Figure S1 of the study, showing the location
of the core samples. Click for source.
By comparing 20 different Curiosity drill samples taken during the rover’s fourteen years on Mars, scientists have detected hard evidence that the climate in Gale Crater was distinctly different at different elevations, for long periods.
This study shows that hematite can also be a marker of climate changes based on its crystallite sizes and structures, which change under different temperatures. The scientists found that hematite crystallites from higher elevations in Gale Crater were less than 10 nanometers in size, while crystallites from lower locations were generally larger, reaching up to 65 nanometers. These findings aligned with the observations that samples from higher elevations contained both hematite and goethite, while lower elevation samples lacked goethite.

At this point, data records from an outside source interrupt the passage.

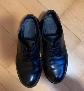 Elegantes zapatos de vestir de Zara, perfectos para cualquier ocasión formal. Graduación, celebraciones... - Diseño clásico con cordones. - Acabado brillante. - Suela resistente.
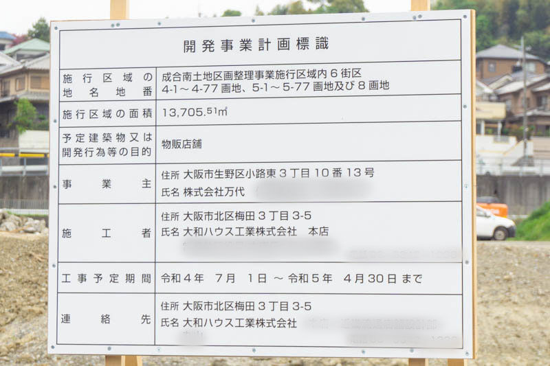 高槻市成合南土地区画整理組合によると、万代のスーパーを核とした複合店舗ができる予定とのこと。
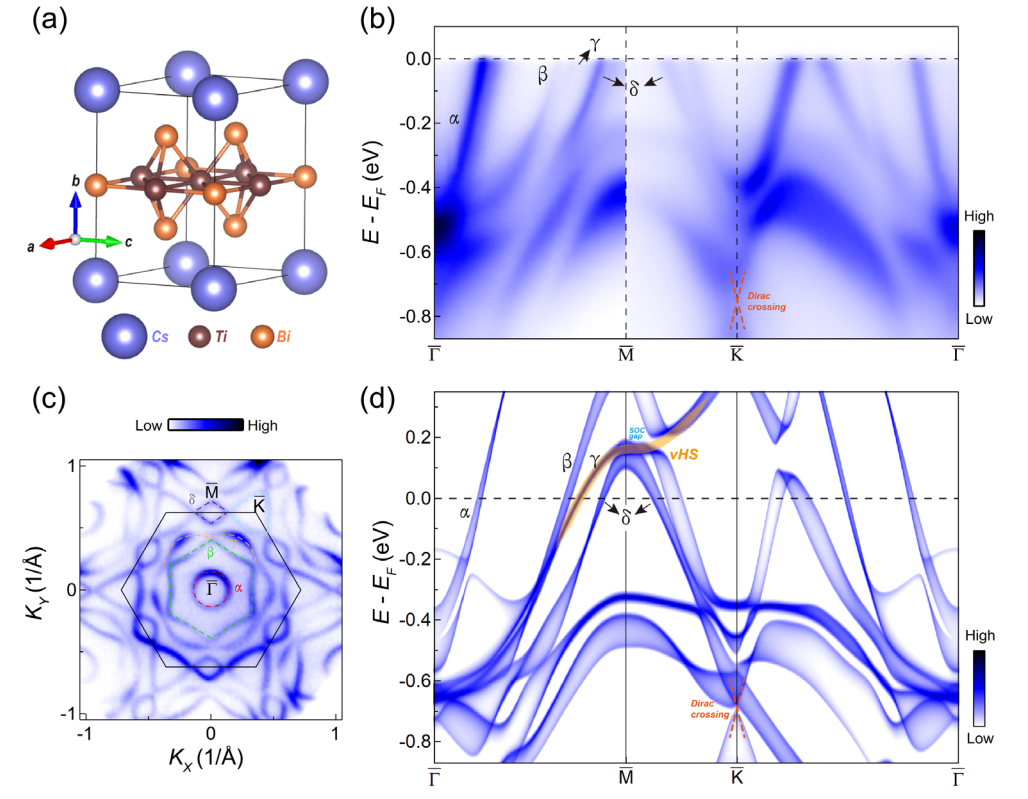 圖1. CsTi3Bi5的晶體結構和電子能帶結構
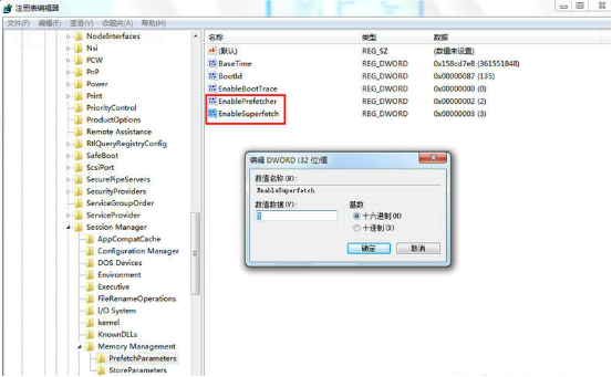 2、右键点击EnablePrefetcher和EnableSuperfetch
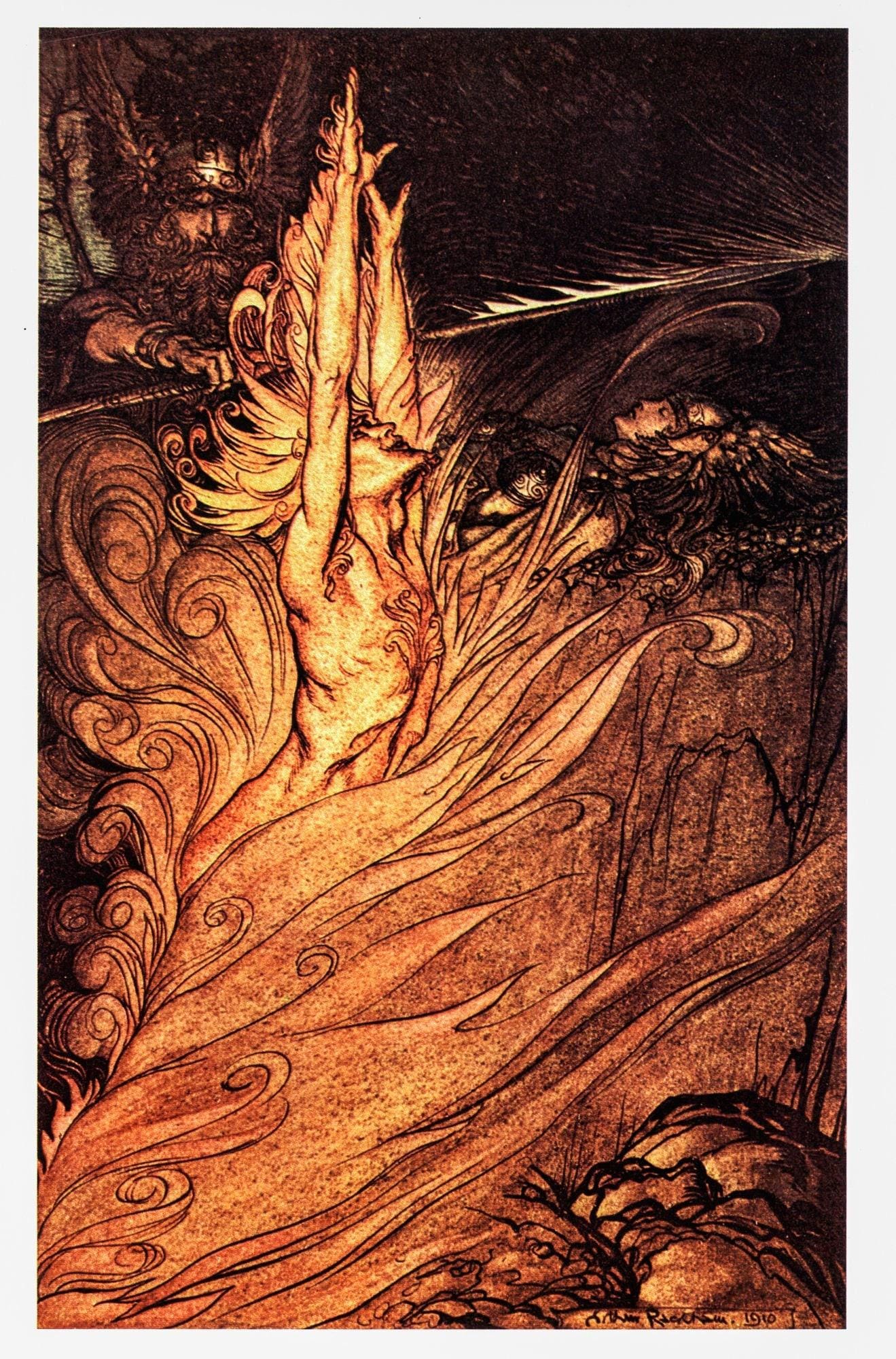 Arthur Rackham Rhinegold Valkyrie Print: 1910 Vintage Book Plate
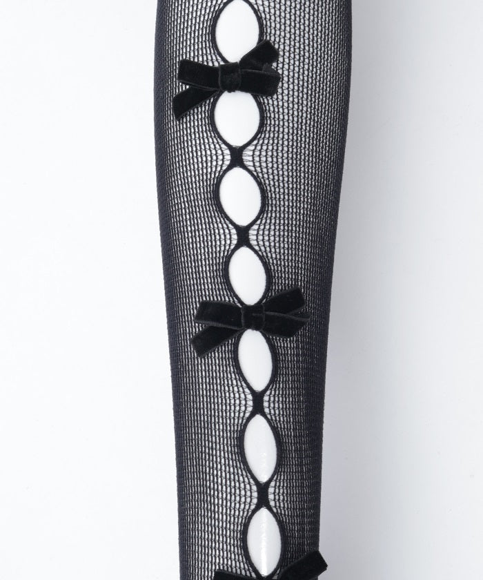 These tights feature a velvet ribbon accent.
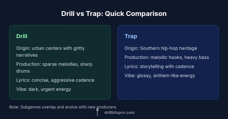 The difference between drill and trap is best understood through three core axes: origin, sound palette, and storytelling approach. For producers and artists aiming to craft a track with clarity, starting from these axes makes the decision actionable. According to Drill Bits Pro, a rigorous comparison begins by identifying roots, sonic texture, and cadence. Drill originated in urban neighborhoods with stark, punchy phrasing and minimal melodic adornment, while trap matured with lush synth lines, heavy bass, and expansive hooks. In practice, drill often feels urgent and compact, whereas trap feels expansive and polished. Recognizing these distinctions helps you align your track with the intended mood, audience expectation, and playback environments. While lines blur in contemporary productions, the distinction remains a reliable heuristic for planning instrument choice, vocal delivery, and arrangement decisions.
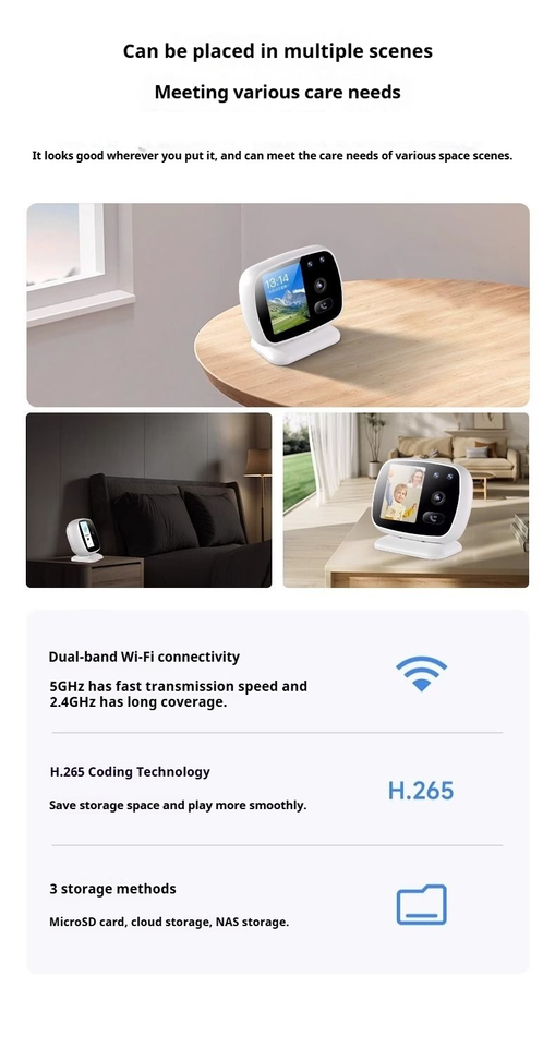 Tipo de cámara:Cámara de bebé WiFi con monitor con botón de contestar del teléfono
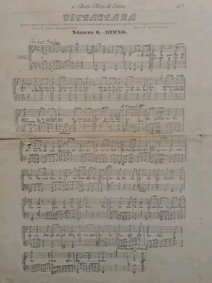 Por su parte la música que acompaña al texto pertenece a una de las principales figuras de la historia universitaria y villareña de los años cincuenta, el doctor Agustín Anido Artiles (1903-1965), miembro ilustre de una antigua familia cuyos aportes a la cultura local son visibles todavía.

They concluded that, under warmer conditions when the pH of water is neutral or slightly alkaline, goethite can transform into hematite. These warmer conditions also favored an increase in hematite crystallite size in the deeper layers of Gale Crater through a process known as Ostwald ripening, in which smaller crystallites dissolve and contribute to the growth of larger ones. “This can tell you that the top layers were colder and didn’t have enough water, or the water presence was relatively short-lived, so the crystallites didn’t have sufficient time and conditions to grow in size,” said Peretyazhko. “But the lower layers had longstanding warm water that allowed those crystallites to grow.”
The white dots on the map to the right shows the location of the drill samples used, taken along Curiosity’s travels as it climbed Mount Sharp. Overall Curiosity has climbed about 2,500 feet, so the differences found the samples mark the past climate differences between the crater floor and the mountain’s foothills. According to this data, the crater floor had long-standing water in some form, exceeding millions of years. At higher altitudes there was less and less, and it was there for increasingly shorter periods.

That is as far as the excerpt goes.